Kurbits chair at Swedish Interior Design.
Kurbits chair at Swedish Interior Design.

Though the Mora is the embodiment of a northern European country-crafts tradition, it makes itself at home in the most unlikely settings. Journalist Sarah Bacon and her husband, Pete, an executive in the construction industry in the UAE, bought a Mora clock in 2011 for their villa in Dubai. “I had my heart set on a Gustavian grey version. Then I came across this one and thought, ‘That green is so gorgeous’,” says Sarah.
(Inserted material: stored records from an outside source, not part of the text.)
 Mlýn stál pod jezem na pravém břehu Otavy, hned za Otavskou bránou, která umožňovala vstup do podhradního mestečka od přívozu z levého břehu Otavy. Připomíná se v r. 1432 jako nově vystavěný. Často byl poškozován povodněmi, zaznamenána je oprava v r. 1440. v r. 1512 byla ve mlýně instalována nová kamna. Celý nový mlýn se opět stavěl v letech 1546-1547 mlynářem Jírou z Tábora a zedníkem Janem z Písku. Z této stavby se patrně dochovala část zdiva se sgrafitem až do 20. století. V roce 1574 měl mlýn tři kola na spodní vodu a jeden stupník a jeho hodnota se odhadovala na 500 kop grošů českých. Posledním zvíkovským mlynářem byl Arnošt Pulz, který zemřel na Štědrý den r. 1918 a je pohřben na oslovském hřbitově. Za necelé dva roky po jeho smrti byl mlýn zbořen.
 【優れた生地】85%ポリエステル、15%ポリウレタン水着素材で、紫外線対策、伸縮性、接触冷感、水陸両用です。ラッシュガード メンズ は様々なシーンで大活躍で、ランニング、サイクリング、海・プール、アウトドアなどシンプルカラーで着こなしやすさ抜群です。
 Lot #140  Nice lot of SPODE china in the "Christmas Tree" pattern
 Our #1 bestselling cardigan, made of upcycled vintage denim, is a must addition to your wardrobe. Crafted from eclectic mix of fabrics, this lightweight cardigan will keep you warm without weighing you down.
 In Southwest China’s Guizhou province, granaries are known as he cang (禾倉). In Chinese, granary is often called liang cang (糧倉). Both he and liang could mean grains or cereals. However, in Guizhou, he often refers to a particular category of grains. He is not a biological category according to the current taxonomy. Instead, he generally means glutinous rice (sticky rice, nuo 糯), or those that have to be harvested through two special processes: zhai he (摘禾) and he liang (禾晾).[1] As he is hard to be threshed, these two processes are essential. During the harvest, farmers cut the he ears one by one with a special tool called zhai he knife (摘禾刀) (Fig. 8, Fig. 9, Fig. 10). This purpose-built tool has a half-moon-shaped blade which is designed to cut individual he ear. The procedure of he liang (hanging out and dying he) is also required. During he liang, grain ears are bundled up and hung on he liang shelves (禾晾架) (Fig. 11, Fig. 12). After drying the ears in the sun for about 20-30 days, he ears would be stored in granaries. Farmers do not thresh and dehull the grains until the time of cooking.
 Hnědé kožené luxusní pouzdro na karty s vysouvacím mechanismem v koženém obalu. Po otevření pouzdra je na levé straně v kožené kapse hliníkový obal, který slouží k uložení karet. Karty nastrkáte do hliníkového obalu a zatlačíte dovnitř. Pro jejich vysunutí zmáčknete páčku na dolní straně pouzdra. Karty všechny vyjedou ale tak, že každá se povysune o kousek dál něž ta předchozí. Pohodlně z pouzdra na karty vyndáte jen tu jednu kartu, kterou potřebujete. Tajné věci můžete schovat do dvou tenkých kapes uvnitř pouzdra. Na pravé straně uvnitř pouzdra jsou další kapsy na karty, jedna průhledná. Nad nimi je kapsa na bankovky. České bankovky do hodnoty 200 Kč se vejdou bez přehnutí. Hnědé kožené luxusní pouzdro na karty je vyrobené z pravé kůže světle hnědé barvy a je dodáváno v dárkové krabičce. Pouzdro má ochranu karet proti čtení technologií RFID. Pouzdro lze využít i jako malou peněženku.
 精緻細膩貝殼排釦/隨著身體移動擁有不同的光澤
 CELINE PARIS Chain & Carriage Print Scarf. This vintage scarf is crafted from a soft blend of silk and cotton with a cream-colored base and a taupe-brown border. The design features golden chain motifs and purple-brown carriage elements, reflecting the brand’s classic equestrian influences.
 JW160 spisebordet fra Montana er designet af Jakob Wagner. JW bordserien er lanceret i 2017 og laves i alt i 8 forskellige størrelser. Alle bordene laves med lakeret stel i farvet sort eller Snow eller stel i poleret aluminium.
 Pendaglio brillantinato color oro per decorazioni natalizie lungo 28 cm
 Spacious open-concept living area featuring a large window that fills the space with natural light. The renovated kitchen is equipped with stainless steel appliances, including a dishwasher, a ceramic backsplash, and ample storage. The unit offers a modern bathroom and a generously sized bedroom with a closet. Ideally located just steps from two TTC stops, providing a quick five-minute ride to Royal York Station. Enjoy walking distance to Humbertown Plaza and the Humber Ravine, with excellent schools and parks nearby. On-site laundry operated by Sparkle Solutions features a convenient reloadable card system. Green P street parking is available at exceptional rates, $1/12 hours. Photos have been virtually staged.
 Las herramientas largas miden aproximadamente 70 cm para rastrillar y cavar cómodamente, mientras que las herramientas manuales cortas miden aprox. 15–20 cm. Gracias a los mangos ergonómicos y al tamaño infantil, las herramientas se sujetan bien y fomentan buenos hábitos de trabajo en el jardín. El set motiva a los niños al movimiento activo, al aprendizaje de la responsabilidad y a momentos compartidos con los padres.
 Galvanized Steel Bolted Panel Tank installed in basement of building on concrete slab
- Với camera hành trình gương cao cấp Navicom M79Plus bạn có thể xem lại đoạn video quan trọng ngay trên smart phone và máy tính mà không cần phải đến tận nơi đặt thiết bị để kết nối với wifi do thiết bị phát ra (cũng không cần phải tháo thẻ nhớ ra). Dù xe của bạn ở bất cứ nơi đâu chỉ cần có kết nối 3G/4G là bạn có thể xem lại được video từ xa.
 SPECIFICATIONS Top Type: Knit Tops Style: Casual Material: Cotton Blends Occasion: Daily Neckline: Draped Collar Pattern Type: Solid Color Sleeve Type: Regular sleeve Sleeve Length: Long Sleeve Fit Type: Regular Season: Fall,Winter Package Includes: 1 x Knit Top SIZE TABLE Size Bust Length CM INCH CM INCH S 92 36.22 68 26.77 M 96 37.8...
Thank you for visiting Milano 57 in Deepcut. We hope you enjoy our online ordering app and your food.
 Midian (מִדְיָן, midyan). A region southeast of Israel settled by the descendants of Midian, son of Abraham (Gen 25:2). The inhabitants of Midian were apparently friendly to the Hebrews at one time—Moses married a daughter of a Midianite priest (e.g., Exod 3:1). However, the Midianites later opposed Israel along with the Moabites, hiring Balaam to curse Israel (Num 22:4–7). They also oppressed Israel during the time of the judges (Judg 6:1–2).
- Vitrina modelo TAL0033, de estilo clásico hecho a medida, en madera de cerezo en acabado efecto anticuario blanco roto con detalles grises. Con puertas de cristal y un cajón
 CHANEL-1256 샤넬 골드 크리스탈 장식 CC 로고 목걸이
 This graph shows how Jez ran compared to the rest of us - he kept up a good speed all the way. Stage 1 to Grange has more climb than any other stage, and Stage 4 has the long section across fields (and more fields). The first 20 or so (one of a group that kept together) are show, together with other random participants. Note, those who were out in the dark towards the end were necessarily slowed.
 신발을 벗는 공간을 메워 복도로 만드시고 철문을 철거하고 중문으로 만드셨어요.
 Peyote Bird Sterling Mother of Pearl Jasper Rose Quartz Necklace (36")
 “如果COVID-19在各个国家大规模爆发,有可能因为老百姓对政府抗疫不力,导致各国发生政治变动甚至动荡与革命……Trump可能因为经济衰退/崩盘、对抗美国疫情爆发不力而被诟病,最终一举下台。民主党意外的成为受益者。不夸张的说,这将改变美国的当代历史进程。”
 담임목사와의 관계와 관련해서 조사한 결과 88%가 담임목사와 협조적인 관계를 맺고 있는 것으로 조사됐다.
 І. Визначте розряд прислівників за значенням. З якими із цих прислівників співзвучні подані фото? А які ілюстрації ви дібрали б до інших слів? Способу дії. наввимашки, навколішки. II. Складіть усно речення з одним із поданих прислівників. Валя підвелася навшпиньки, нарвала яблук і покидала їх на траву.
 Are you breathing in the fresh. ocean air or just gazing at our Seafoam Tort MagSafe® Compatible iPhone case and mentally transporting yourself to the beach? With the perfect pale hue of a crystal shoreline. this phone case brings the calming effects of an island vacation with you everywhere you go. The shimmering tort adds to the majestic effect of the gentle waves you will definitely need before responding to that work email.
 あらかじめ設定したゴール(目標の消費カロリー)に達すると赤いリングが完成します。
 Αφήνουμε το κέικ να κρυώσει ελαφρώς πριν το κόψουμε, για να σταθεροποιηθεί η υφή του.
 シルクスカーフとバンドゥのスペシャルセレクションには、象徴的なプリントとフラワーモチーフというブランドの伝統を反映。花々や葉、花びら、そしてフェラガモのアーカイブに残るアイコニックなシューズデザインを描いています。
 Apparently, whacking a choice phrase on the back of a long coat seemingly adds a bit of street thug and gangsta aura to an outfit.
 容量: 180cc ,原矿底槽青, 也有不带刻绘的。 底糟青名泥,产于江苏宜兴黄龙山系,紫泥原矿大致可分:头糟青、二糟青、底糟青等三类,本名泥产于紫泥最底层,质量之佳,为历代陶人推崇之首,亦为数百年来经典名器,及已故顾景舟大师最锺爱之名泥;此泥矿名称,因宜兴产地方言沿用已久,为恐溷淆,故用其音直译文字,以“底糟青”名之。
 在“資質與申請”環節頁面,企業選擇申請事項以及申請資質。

Her 2.2m-high 1860s clock cost £2,500. It has a walnut-grain pattern on the flanks and a deep blue-green panel on the front, with floral motifs.

One detail has been altered to adapt the Nordic artefact to Middle Eastern humidity. “Swedish Interior Design replaced the mechanism with a quartz-crystal movement for us. When we come back to London, they are going to put the original one back in.”